*THE PROBLEM*. Your answer should be the lines below from the one holding "Spinka do włosów" through the one holding "İkonik Amerikan örgü", copied exactly and with nothing else.

Data entries
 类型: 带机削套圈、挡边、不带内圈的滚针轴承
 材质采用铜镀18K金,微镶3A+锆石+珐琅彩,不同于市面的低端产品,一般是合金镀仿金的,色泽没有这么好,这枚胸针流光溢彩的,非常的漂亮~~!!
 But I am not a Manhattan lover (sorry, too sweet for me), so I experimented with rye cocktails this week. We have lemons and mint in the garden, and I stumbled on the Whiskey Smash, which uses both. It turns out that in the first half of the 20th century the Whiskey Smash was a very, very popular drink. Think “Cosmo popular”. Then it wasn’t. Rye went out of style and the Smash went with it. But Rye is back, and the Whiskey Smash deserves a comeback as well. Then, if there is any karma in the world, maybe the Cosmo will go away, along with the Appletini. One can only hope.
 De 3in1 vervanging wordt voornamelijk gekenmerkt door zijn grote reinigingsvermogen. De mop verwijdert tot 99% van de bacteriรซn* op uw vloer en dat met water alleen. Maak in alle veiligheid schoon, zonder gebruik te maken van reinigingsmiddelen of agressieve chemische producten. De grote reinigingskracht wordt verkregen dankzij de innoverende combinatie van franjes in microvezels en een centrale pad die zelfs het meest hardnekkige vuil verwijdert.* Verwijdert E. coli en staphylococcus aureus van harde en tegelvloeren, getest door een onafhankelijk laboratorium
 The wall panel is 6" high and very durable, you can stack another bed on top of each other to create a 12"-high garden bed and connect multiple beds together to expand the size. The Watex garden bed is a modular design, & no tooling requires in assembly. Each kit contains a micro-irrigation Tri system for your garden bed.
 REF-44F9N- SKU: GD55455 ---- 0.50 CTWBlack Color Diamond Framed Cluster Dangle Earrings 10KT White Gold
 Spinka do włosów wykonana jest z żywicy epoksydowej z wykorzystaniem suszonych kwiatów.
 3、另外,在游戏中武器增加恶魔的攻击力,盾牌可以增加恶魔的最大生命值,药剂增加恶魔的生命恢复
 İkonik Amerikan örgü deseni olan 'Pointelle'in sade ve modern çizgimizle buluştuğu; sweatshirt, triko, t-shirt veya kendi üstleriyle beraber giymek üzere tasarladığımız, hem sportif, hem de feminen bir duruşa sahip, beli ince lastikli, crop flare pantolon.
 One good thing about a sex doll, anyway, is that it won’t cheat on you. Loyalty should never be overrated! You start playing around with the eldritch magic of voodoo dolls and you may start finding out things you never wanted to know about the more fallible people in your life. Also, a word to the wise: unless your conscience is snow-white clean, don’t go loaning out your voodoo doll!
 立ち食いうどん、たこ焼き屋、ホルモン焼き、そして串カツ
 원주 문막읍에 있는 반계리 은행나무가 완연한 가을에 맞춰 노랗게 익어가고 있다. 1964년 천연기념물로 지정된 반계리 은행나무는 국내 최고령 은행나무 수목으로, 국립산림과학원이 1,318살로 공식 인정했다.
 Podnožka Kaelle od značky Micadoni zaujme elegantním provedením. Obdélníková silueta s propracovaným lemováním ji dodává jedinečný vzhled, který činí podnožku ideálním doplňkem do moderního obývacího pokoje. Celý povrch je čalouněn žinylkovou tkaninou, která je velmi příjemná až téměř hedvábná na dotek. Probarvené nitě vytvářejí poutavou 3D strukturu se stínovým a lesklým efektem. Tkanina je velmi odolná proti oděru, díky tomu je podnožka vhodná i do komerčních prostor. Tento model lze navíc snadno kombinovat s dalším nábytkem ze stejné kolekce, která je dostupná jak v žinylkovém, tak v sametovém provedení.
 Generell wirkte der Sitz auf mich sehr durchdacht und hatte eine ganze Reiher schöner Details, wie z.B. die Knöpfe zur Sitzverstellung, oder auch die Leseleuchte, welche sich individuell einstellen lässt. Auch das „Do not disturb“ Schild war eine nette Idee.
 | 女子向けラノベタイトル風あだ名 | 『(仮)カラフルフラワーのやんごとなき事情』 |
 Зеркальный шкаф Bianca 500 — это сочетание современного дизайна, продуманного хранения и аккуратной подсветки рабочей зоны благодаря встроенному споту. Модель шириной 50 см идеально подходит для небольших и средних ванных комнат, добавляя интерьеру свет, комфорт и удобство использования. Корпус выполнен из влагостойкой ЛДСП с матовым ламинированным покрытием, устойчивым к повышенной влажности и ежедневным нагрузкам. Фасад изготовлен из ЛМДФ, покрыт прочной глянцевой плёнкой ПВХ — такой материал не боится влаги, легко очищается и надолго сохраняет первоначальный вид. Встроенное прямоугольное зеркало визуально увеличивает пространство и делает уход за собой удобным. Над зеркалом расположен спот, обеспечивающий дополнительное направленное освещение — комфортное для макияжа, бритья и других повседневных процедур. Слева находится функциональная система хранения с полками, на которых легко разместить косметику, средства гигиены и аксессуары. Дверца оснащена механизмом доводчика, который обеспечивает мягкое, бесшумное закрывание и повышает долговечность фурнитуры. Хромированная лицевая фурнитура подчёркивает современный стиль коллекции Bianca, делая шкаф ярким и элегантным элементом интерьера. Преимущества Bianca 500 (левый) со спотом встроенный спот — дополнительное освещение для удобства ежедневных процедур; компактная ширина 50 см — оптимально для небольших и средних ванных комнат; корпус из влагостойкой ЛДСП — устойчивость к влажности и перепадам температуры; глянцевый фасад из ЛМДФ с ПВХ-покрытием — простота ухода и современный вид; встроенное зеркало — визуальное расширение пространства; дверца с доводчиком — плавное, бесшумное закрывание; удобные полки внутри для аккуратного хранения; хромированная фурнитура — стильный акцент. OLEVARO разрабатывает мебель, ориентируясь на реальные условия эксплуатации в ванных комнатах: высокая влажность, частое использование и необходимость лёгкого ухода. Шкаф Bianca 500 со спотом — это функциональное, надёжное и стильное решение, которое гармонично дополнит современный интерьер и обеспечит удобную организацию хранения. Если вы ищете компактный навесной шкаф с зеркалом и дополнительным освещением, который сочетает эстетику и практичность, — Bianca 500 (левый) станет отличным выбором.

*SOLUTION TO THIS EXERCISE*.
 Spinka do włosów wykonana jest z żywicy epoksydowej z wykorzystaniem suszonych kwiatów.
 3、另外,在游戏中武器增加恶魔的攻击力,盾牌可以增加恶魔的最大生命值,药剂增加恶魔的生命恢复
 İkonik Amerikan örgü deseni olan 'Pointelle'in sade ve modern çizgimizle buluştuğu; sweatshirt, triko, t-shirt veya kendi üstleriyle beraber giymek üzere tasarladığımız, hem sportif, hem de feminen bir duruşa sahip, beli ince lastikli, crop flare pantolon.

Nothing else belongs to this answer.